A mio parere, da tutto ciò che abbiamo visto, si possono ricavare i principi antropologici che mostrano come l’essenza dell’umano si trova nella relazione. Questi principi sono tre: la dipendenza generazionale e simbolica come
origine dell’umano, l’accettazione del limite in sé e nell’altro come crescita dell’umano, il desiderio d’infinito da parte di un essere finito come manifestazione di trascendenza.

1. La dipendenza generazionale e simbolica come origine dell’umano (eterogenerazione/autopoiesis)

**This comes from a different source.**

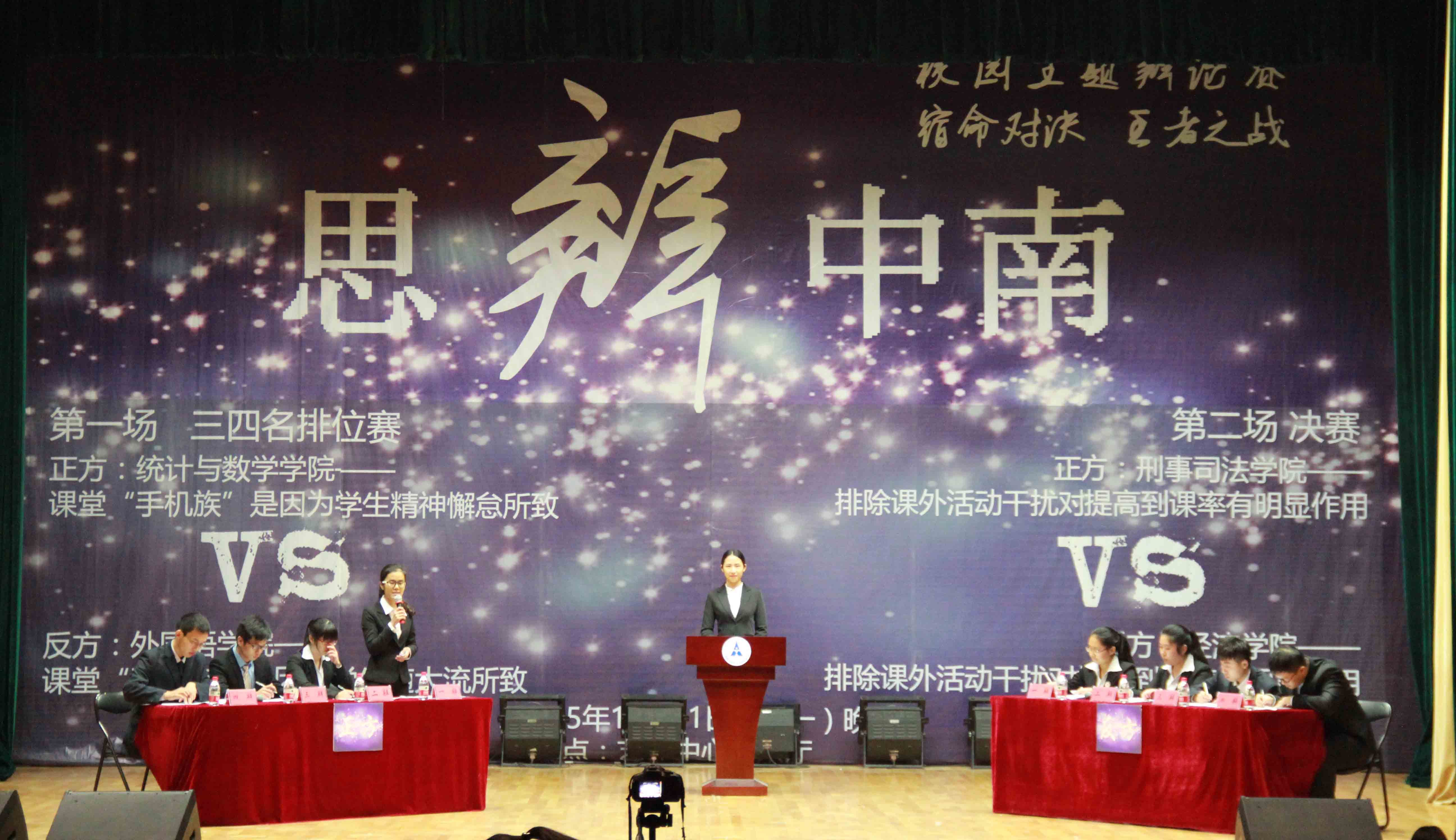 本次辩论的辩题为排除课外活动干扰对提高到课率有无明显作用。比赛一开始,我院一辩汪蒙奇便娓娓道来,向对方辩友、裁判及观众清晰地表述了我方观点。我方主张:第一,采取多角度多层次地措施排除课外活动干扰能够对提高到课率产生立竿见影的效果。第二,只有排除课外活动干扰,帮助大学生树立正确的学习观念,才能对保证到课率起到长远作用。在对方一辩陈述完观点之后,我院二辩孙斯佳以犀利的言辞指出了对方的逻辑及语言错误,铿锵有力,充分反驳了对方观点。在盘问及自由辩论环节,我方三辩秦建航凭借其良好的口才、严谨的逻辑将对方节节击退,三位辩手的精彩辩论也将比赛推向了高潮。最后,四辩邓坤在论题的基础之上探讨了排除课外活动的意义,更深层的挖掘了本次论题的价值。
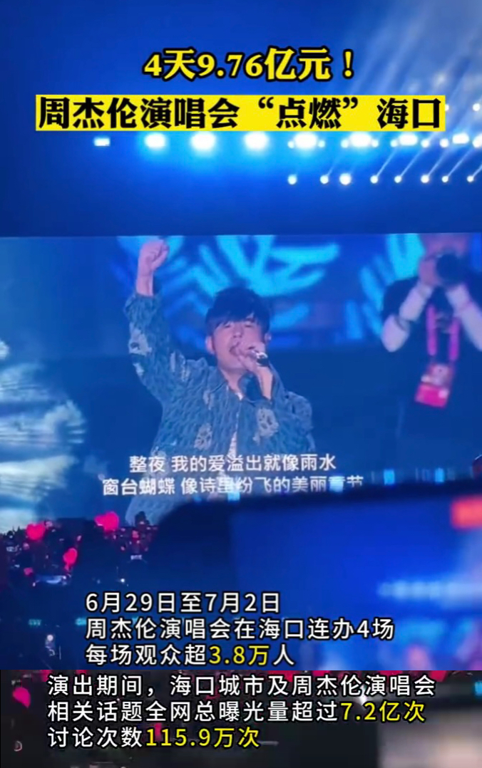 从去年开始,海口就争取包括周杰伦、薛之谦在内的头部歌手来海口举办演唱会,周杰伦在2023年中更是一口气在海口连开四场,仅用四天就为海口吸引了十五万观众,其中近十万观众来自省外,跨城观演比例达92%,跨省观演比例达68%,直接带动旅游收入9.76亿元,是端午假期旅游收入的3倍。

L’esistenza umana incomincia con l’atto generativo, per cui essa è, nel contempo, un «essere-da» o essere dipendente e un «essere-con» o coesistenza, ossia l’esistenza umana è impossibile e, perciò, impensabile senza l’altro.
La figura del Robinson Crusoe, con cui si vuole far credere ad un’autopoiesis, è uno dei falsi miti dell’individualismo moderno, poiché la persona, anche se si trova persa in un’isola inabitata, è sempre legata a doppio filo all’altro, come
dipendente e coesistente. La dipendenza dagli altri non implica, però, solo mancanza, ma anche eccedenza, poiché la dipendenza umana è alla base di ogni possibile autonomia. Perciò, non c’è autonomia autentica, senza il riconoscimento
della propria origine, vera matrice della nostra libertà. Infatti, senza la relazione con l’altro e senza la sua accettazione, l’umano scompare per rimanere solo come anthropos, come si osserva nel caso dei bambini selvaggi.
Nonostante il loro carattere filantropico (amici del progresso della specie o della varietà dell’umano), le posizioni trans-umaniste e post-umaniste sono del tutto individualistiche. Infatti, in quanto che il loro unico scopo è il
prolungamento della vita biologica, l’uso della tecnoscienza è in questi movimenti puramente funzionale alla sua prosecuzione e al suo miglioramento. Ma, come spiega Donati, sono le relazioni — soprattutto la loro qualità — e non le
diverse funzioni vitali, a mostrare l’essenza dell’umano 22. Né il transumanismo né il postumanismo colgono il carattere essenziale della relazione, specie la dipendenza generazionale, che non sia strettamente biologica. Ma anche questa è
suscettibile di essere modificata o messa da parte come zavorra inutile. Nella misura in cui questi movimenti trascurano o cancellano l’origine e la crescita dell’umano, tralasciano anche le conseguenze dell’uso della tecnoscienza sia per le
relazioni personali sia per la comunità scientifica e umana.
In questo senso, anche la posizione di Fukuyama si presenta come riduttiva. Poiché l’umano non è solo — come egli sostiene — un insieme di elementi biologici, affettivi, cognitivi e simbolici inter-relazionati, ma soprattutto è
un insieme sistemico che si colloca in un contesto relazionale (familiare, comunitario, politico) 23. La difficoltà nel considerare le relazioni una proprietà essenziale dell’umano è determinata dalla difficoltà nel riconoscere se stessi come
«doni», cioè manifestazione di un dare gratuito, non necessario. L’umano cresce, invece, a partire dal riconoscersi generati, cioè figli, poiché la dipendenza simbolica da un altro è la caratteristica più propria della nostra umanità.
Tuttavia, la generazione e la coesistenza con gli altri ha a che vedere con una questione ancora più basilare: la temporalità dell’essere umano, come originato, capace di crescita e di compimento. Nel transumanesimo e nel
postumanesimo c’è un rapporto conflittuale con il tempo: dato che la vita umana non viene più giudicata soddisfacente, si vorrebbe accrescerla indefinitamente. Non basta però aumentare la longevità per dare senso al vivere, poiché la
temporalità è legata non solo alla morte e alla fragilità, ma anche alle virtù che dipendono da essa e, soprattutto, al dono di sé da dove essa nasce e verso cui tende.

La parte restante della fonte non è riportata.